Después de escuchar un audio de Pier Paolo Pasolini en el que habla del arte, Himmler, Hitler y la libertad perdida sobre imágenes desoladas o abandonadas que tanto reflejó en su cine marginal o las ruinas de Ostia Antica, Moravia se duele por su vil muerte en el extracto del emotivo discurso que pronunció con estas palabras: “Hemos perdido, por encima de todo, a un poeta. Y poetas no hay tantos en el mundo, Sólo nacen tres o cuatro en un siglo. Cuando termine este siglo, Pasolini estará entre los pocos que contarán como poetas. El poeta debe ser sagrado”.

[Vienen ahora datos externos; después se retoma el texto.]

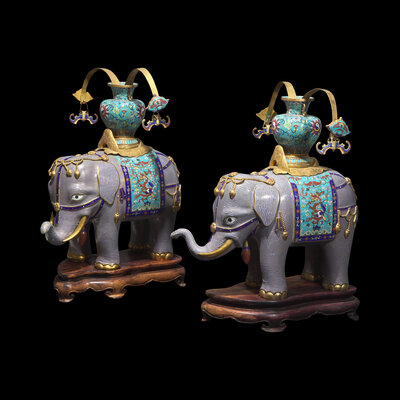 A Pair of Large Chinese Cloisonne Enamel Elephants, 20th Century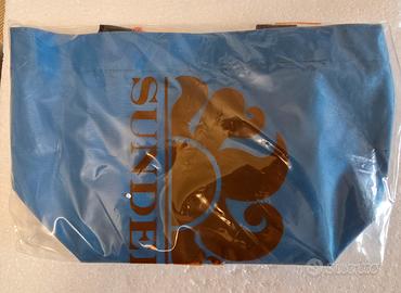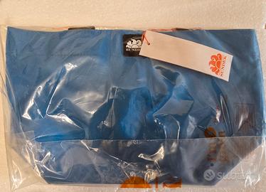 borsa mare sundek small tote bag nuova con cartellino completa imballo negozio. colore turchese, molto capiente. aperta solo per fare le foto e controllare le misure. misure h 20 base 22 (parte superiore 34) prof 15. chiusura zip. spedizione rapida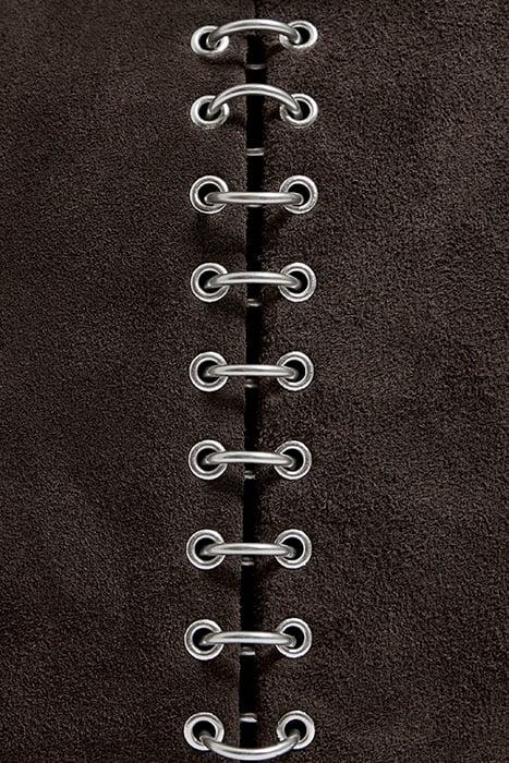 Suede Leather Shopper Bag In Charcoal. Large Model With Magnetic Fastener And Double Handle. Exterior Customized With Metal Logo And 116 Piercings.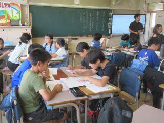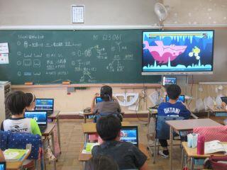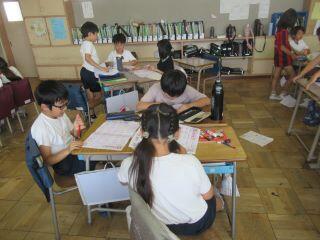 続いて4年生の社会と算数の授業の様子です。社会の授業では、これまで学習してきた小笠原の自然や暮らしについて各自がまとめる活動を進めていました。また算数の授業では、今日も分数の計算の仕方を考え発表する課題に取り組んでいました。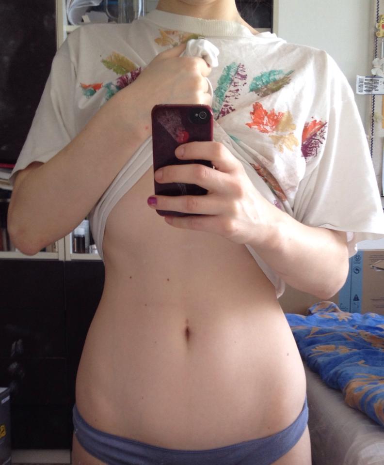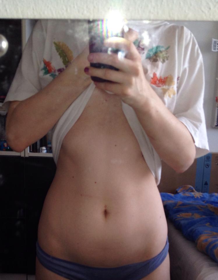 A co se týče dneška, podle Cvičebního plánu je tzv. STATurday, což je den, kdy si máme přeměřit míry. Nicméně jsem se rozhodla, že to nechám až na zítřek, kdy dojede Tom, a přeměříme se oba, nafotíme nějaké ty fotky, a já to pak lupnu sem na stránky. Navíc jsem doslova přežraná, takže by byly míry zkreslené. 🙂 A jak to vlastně šlo Tomovi? Dneska prý necvičil, protože běhal dvě hodiny na floorballe (budiž mu odpuštěno, stále má však restík ze středy), ale včera prý dal podle plánu obě cvičení, jedno ráno a druhé večer. Jestli tomu tak bylo, či nikoliv, prozradí zítřejší přeměřování a fotografie. Já vám sem dám alespoň fotografie svého břicha, které jsem nafotila dnes.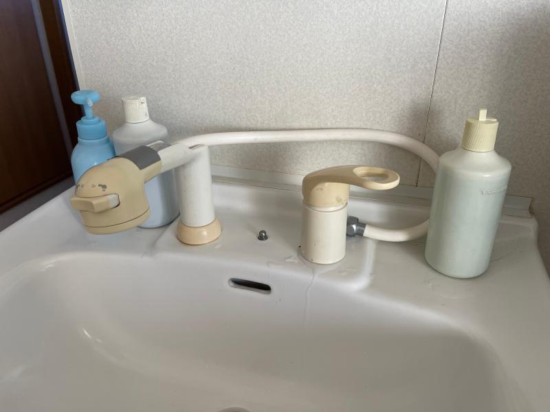 以前ある店舗に取り付けてあったシャワー水栓付きの洗面台ですがシングルレバーの水栓の取り付け位置から水漏れが・・。 施工前 早速現物見せていただいてメー...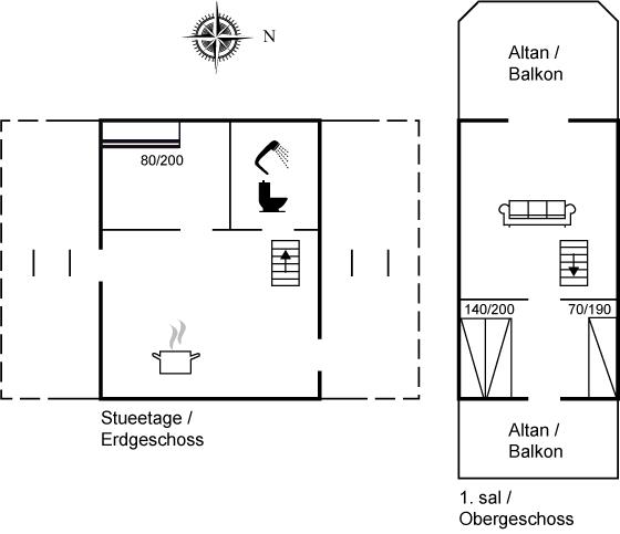 Das Ferienhaus eignet sich für 5 Personen. 1 Schlafplatz eignet sich jedoch nur für größere Kinder (4-11 Jahre). Die Ferienunterkunft hat eine Wohnfläche von 70 m², ist 2-stöckig, und wurde 1971 gebaut. 1995 wurde die Ferienunterkunft renoviert. Es ist erlaubt 2 Haustiere mitzubringen. Die Ferienunterkunft ist mit einer energiefreundlichen Luft-Luft-Wärmepumpe ausgestattet. Die Ferienunterkunft ist mit Waschmaschine ausgestattet. Tiefkühlmöglichkeit mit 50 Liter Nutzinhalt. Es gibt außerdem einen Kaminofen.
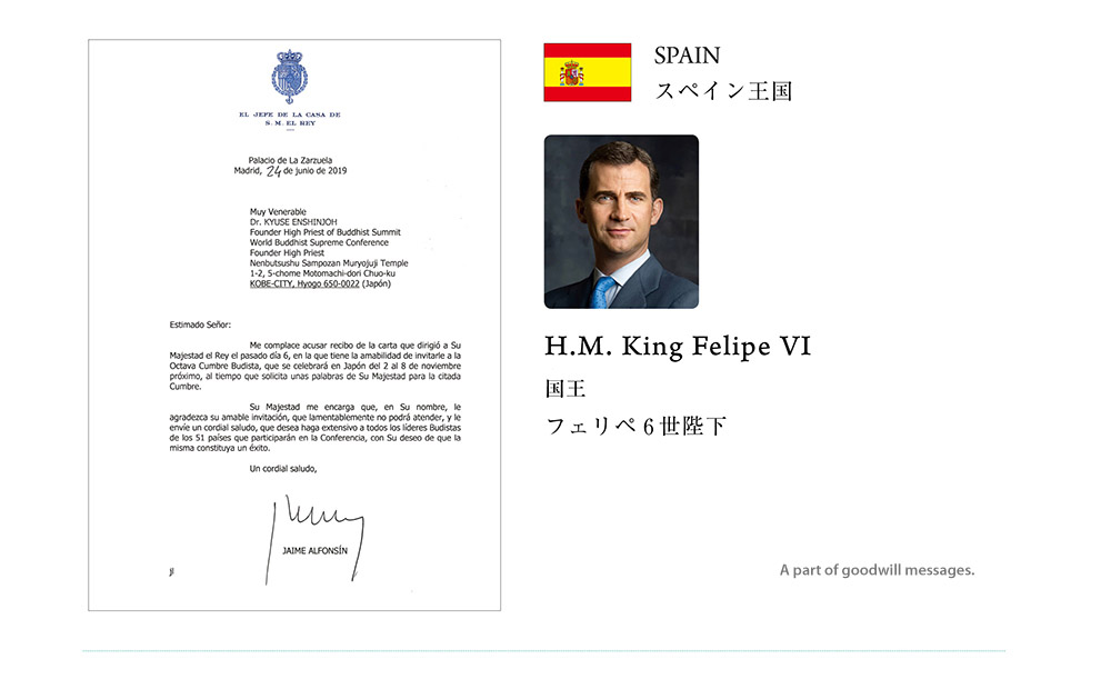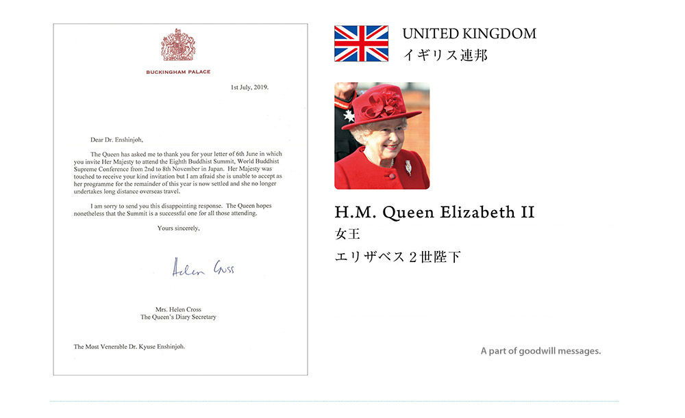 Goodwill messages from H.M. Queen Elizabeth II, H.E. the Secretary General of the United Nations, H.E. the President of the European Parliament, Royal Family members, Heads of State, national leaders, and cultural figures. Introduced here are a part of the goodwill messages.

Un poeta y cineasta que ya en los ’60 escribió el citado poema “Profezia” en el que presagiaba las migraciones hacia Europa y que ahora destacamos por su carácter visionario, después de esa mirada negra que rompe la cuarta pared para interpelarnos con rotundidad :
Alí de los Ojos Azules
uno de los tantos hijos de los hijos,
bajará de Argelia, en naves a vela y a remos. Vendrán
con él millares de hombres,
con sus cuerpitos y los ojos
de pobres perros de los padres
sobre barcas varadas en los Reinos del Hambre.
Traerán consigo los niños,
y el pan y el queso, en papeles amarillos del Lunes de Pascua.
Traerán las abuelas y los asnos, sobre barcos robados en puertos coloniales.
Desembarcarán en Crotona y en Palmi,
por millones, vestidos con harapos,
asiáticos y de camisas americanas.
De pronto, los calabreses dirán,
como de malandrín a malandrín:
“¡Ahí vienen los viejos hermanos,
con hijos y el pan y el queso!”
De Crotona o de Palmi subirán
a Nápoles, y de allí a Barcelona,
a Salónica y a Marsella,
a las ciudades de la Mala Vida.
Almas y ángeles, ratones y piojos,
con el germen de la Historia Antigua
volarán ante las willayas.
Ellos siempre humildes
Siempre débiles
Siempre tímidos
siempre ínfimos
siempre culpables
siempre súbditos
siempre pequeños
Ellos, que nunca quisieron saber, ellos que sólo tuvieron ojos para implorar,
ellos que vivieron como asesinos bajo tierra, ellos que vivieron como bandidos
en el fondo del mar, ellos que vivieron como locos en medio del cielo.
Un feliz descubrimiento el de Annik Leroy, directora con mucho que aportar conceptualmente al cine contemporáneo y capaz de avanzar en los límites atribuidos al documental. Dotada de una fuerza poética y visual con la que juega y experimenta a niveles asombrosos.


TÍTULO: Tremor-Es ist immer Krieg. AÑO: 2017. PAÍS: Bélgica. DURACIÓN: 92 min. DIRECCIÓN: Annik Leroy. GÉNERO: Documental. Experimental. GUION: Ingeborg Bachmann, Fernando Nannetti, Barbara Suckfüll. FOTOGRAFÍA: Annik Leroy, Julie Morel, Els Van Riel. PRODUCCIÓN: Auguste Orts. MÚSICA: Giacinto Scelsi.